God is our refuge and strength, a very present help in trouble.

Therefore we will not fear, though the earth should change,
though the mountains shake in the heart of the sea;
though its waters roar and foam,
though the mountains tremble with its tumult.

There is a river whose streams make glad the city of God,
the holy habitation of the Most High.

God is in the midst of the city; it shall not be moved;
God will help it when the morning dawns.

The nations are in an uproar, the kingdoms totter;
he utters his voice, the earth melts.

The Lord of hosts is with us; the God of Jacob is our refuge.

Come, behold the works of the Lord;
see what desolations he has brought on the earth.
He makes wars cease to the end of the earth;
he breaks the bow, and shatters the spear;
he burns the shields with fire.

“Be still, and know that I am God!
I am exalted among the nations, I am exalted in the earth.”
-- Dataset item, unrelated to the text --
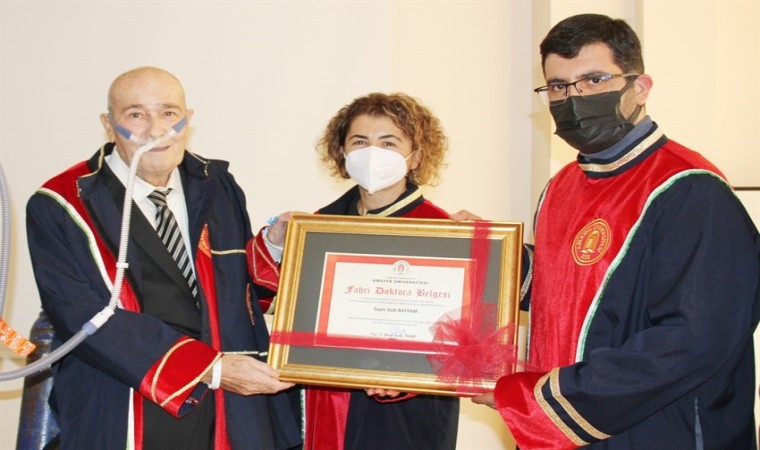Amasya Üniversitesi Senatosu, Yazar Sadi Bayram’a fahri doktora verdi. Tedavi gördüğü hastanede biniş giyip doktora belgesi alan 80 yaşındaki Bayram’a sürpriz yapan Amasya Üniversitesi Rektörü Prof. Dr. Ahmet Hakkı Turabi, müzik eşliğinde canlı bağlantıyla şarkı da okudu.

The Lord of hosts is with us; the God of Jacob is our refuge.

 –Psalm 46

On September 11, 2001, I had been serving my first church for exactly five months. I was the second associate pastor at a big, downtown church in the heart of Boston’s Copley Square. The church was a tourist attraction with a giant tower, the sanctuary open all day every day for passersby. That morning, I had been at an 8:00 a.m. meeting at the homeless shelter downtown. I left the shelter with a couple of colleagues, and we overheard the guys gathered out front talking about planes going into buildings. They were miming the crash and making the sound of explosions, but we dismissed it as the talk of the mentally ill. As we walked the five blocks along Boston Common and back to Copley Square, we began to notice to the cell phone conversations of well-dressed business people we passed, and heard the story repeated—planes crashing into buildings. People were pouring out of buildings and subway tunnels. No one was going back in.

The Boston skyline, our church between those two tallest buildings.
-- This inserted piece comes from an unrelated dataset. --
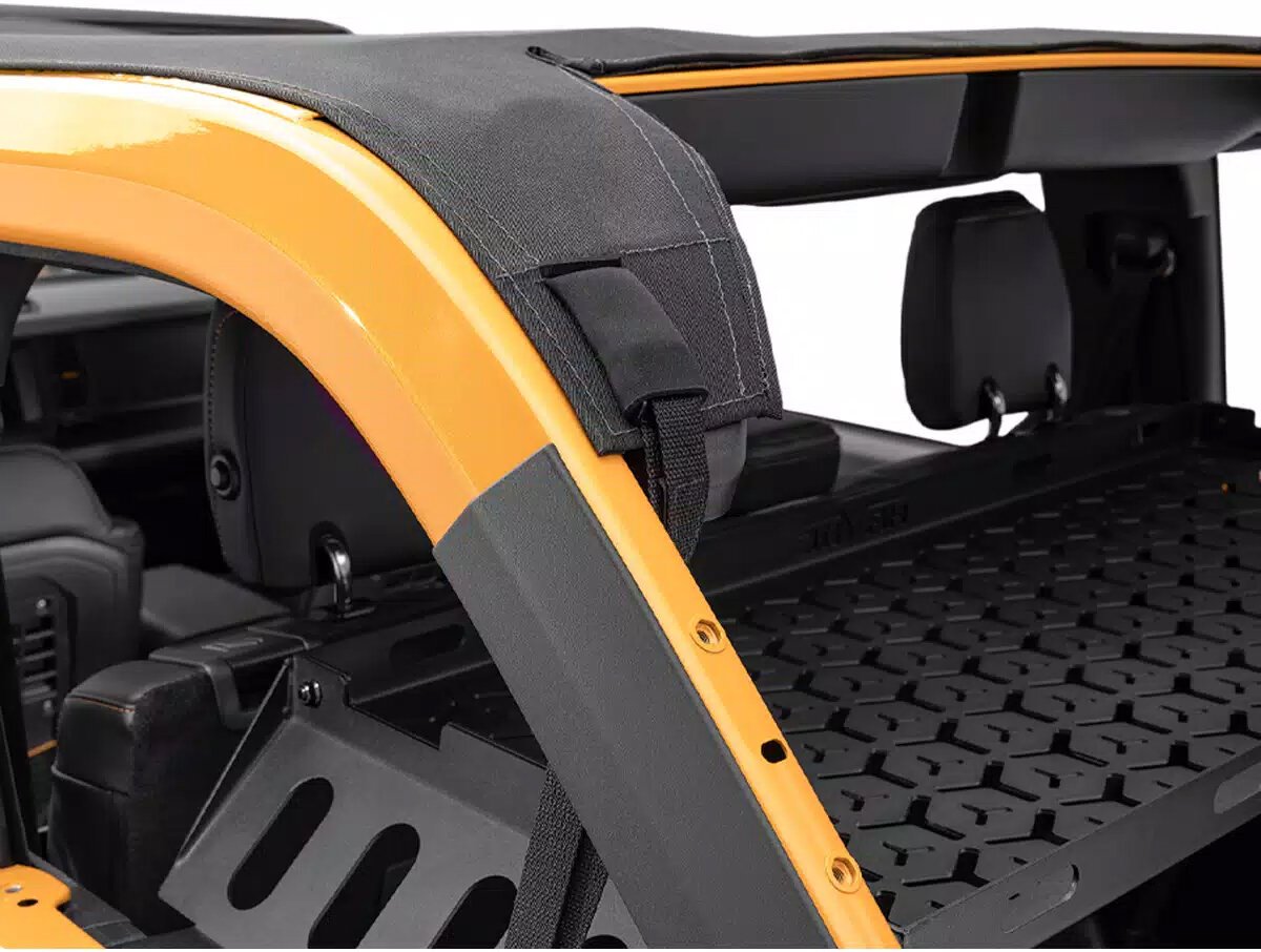 The Havoc Offroad California Brief Top is perfect for Bronco owners who want open-air driving while still staying protected from intense sun and light rain. This minimalist top stretches across the front seating area, delivering shade without blocking the open cabin feel that Jeep enthusiasts love. Built with premium-grade fabric, it maintains its shape and tension even under strong winds, ensuring a consistent and stylish appearance on the road or trail.

When I got to church, the receptionist told me it was true. She had the radio on, and it told of the World Trade Center, two planes, and terrorism. I went upstairs to my office and colleagues, and found them huddled around the only TV in the building, adjusting the antennas to try and get a picture. Through the snowy black and white screen, we saw two giant rectangles with smoke pouring out. That was the only image I saw of the tragedy until late that night. I had only been there about five minutes when the receptionist called—people were downstairs, coming into the sanctuary, and someone should tend to them. I stopped by my office to grab a box of tissues, and headed downstairs.

And that’s where I stayed, for the rest of the day. For me, the details of what had happened came not from the television, but from the strangers who entered seeking solace. Brokers in Boston had been on the phone with traders in New York when the screaming started, the line went dead. Co-workers had traveled to New York for a meeting at the World Trade Center that morning, no one knew where they were. Colleagues had traveled from the World Trade Center for a meeting in Boston, and knew that they would have died if they had been in their home office that morning. Sisters, brothers, husbands, wives, sons, daughters worked on the 18th floor, the 38th floor, the 102nd floor, the Pentagon. The planes came from Boston, and loved ones had left this morning on a flight from Logan. Fighter jets had been scrambled to shoot down potential threats, and we heard them fly overhead. The Red Cross needed blood. Could we post a sign, direct people down the street to the emergency blood drive? Of course, we said, and people responded to their grief by opening up their veins.

All day long, people kept pouring in. Our church was located right between the two tallest buildings in the city, and our high tower suddenly seeming conspicuous and vulnerable. Everything around us had closed, even the other churches and the public library across the street. We wondered if we were unsafe, foolish even, to stay open, those two buildings looming over us, our tower defiantly pointed toward the sky. But it felt like an act of faith, to be present in the midst of such fear and doubt. We kept our doors open, and the people kept coming to seek shelter for their bodies and comfort for their souls. I couldn’t offer much, but together we sat, prayed, shook, wept, held hands, shared our fears, wondered if our world had changed forever.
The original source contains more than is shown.